W3C home > Mailing lists > Public > www-international@w3.org > January to March 2015

Re: [css-text] word-break for Korean

From: 신정식 <jshin1987+w3@gmail.com>
Date: Wed, 4 Mar 2015 13:17:15 -0800
Message-ID: <CAE1ONj_YKw6JJC6VYvGrJf0d3DZRvb2_j41vXtE+14szfqsycA@mail.gmail.com>
To: Florian Rivoal <florian@rivoal.net>
Cc: Shezan Baig <shezbaig.wk@gmail.com>, Koji Ishii <kojiishi@gmail.com>, www-style list <www-style@w3.org>, www International <www-international@w3.org>

I have to be rather blunt in the upfront. I've been trying to dispel the
misinformed notion that Korean has two (almost equally used) line breaking
modes in Unicode TR and CSS3, but perhaps I have not been diligent enough.

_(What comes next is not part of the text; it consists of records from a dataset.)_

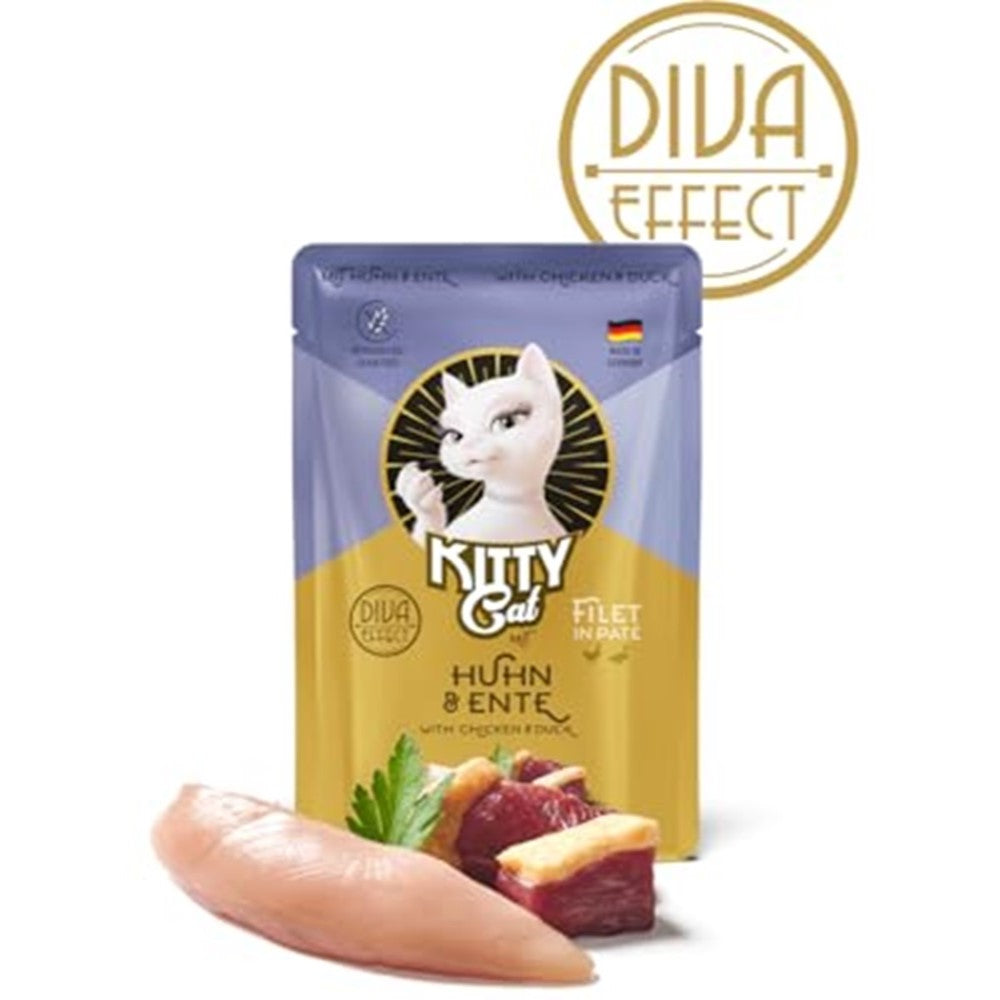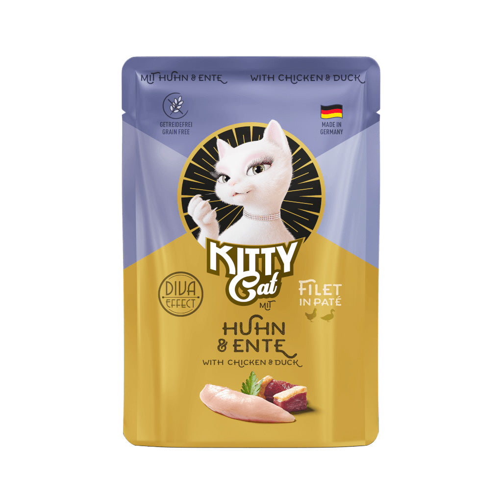 Discover the exceptional Kitty Cat Filet in Pate with Chicken & Duck, a fully balanced wet cat food made in Germany to provide your pet with all the nutrients they need for health and beauty.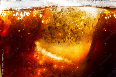 macro cola drink background,Close up view of ice cubes in dark cola background. Surface of sweet summer cold drink with foam and macro bubbles on glass wall. Fizzing or float to the top of the surface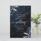 Budget Navy Blue Silver Floral Wedding Invitation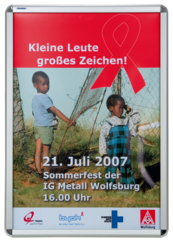 "longDescription": "<h2>Cadre de fixation</h2><strong>Présenter des informations bien protégées</strong><br><ul><li><strong>Design moderne</strong> - Cadre en aluminium anodisé argent avec coins en plastique brillants et arrondis</li><li><strong>Grande visibilité</strong> grâce au film antireflet</li><li><strong>Confère de la stabilité</strong> - Paroi arrière en polystyrène</li><li><strong>S’adapte à chaque paroi</strong> - Montage possible en format vertical ou horizontal</li></ul><br>Cet élégant cadre convient parfaitement à la présentation d'informations et d'annonces, aux portraits d'entreprise ou aux séances de photos spéciales en intérieur. Grâce à la technologie du profilé de serrage, vous pouvez changer le contenu rapidement et facilement. Le cadre est en aluminium anodisé argenté avec des coins en plastique brillant.<br><br>Grâce au film de protection anti-reflet, vos avis sont faciles à voir même en cas de lumière défavorable. En outre, le film est doté d'un filtre UV, qui protège le contenu de la décoloration. La paroi arrière de ce cadre à clipser est fabriquée en polystyrène robuste.<br><br><strong>Bon à savoir !</strong><br>Vous pouvez accrocher le cadre à la verticale ou à l'horizontale. Pour le montage mural, il vous faut des vis et des chevilles (non comprises dans le volume de livraison).<br>",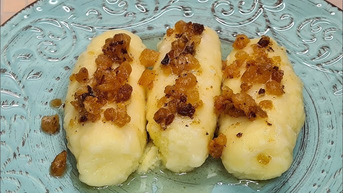 Подаємо апетитні лиганці зі сметаною, шкварками та смаженою цибулею.

In the vast majority of cases, Korean text (long running paragraphs in *books
in print, newspaper articles in print*, [1]  web pages, etc) does use
line-breaking at any syllable boundaries. What Bloomberg does is
misguided.  For Korean articles and user comments, line-breaking should be
done at any syllable boundaries.

'word-break: keep-all' is useful for short text snippets in such places as
'subject line', 'title', 'advertisement', user-interface, etc.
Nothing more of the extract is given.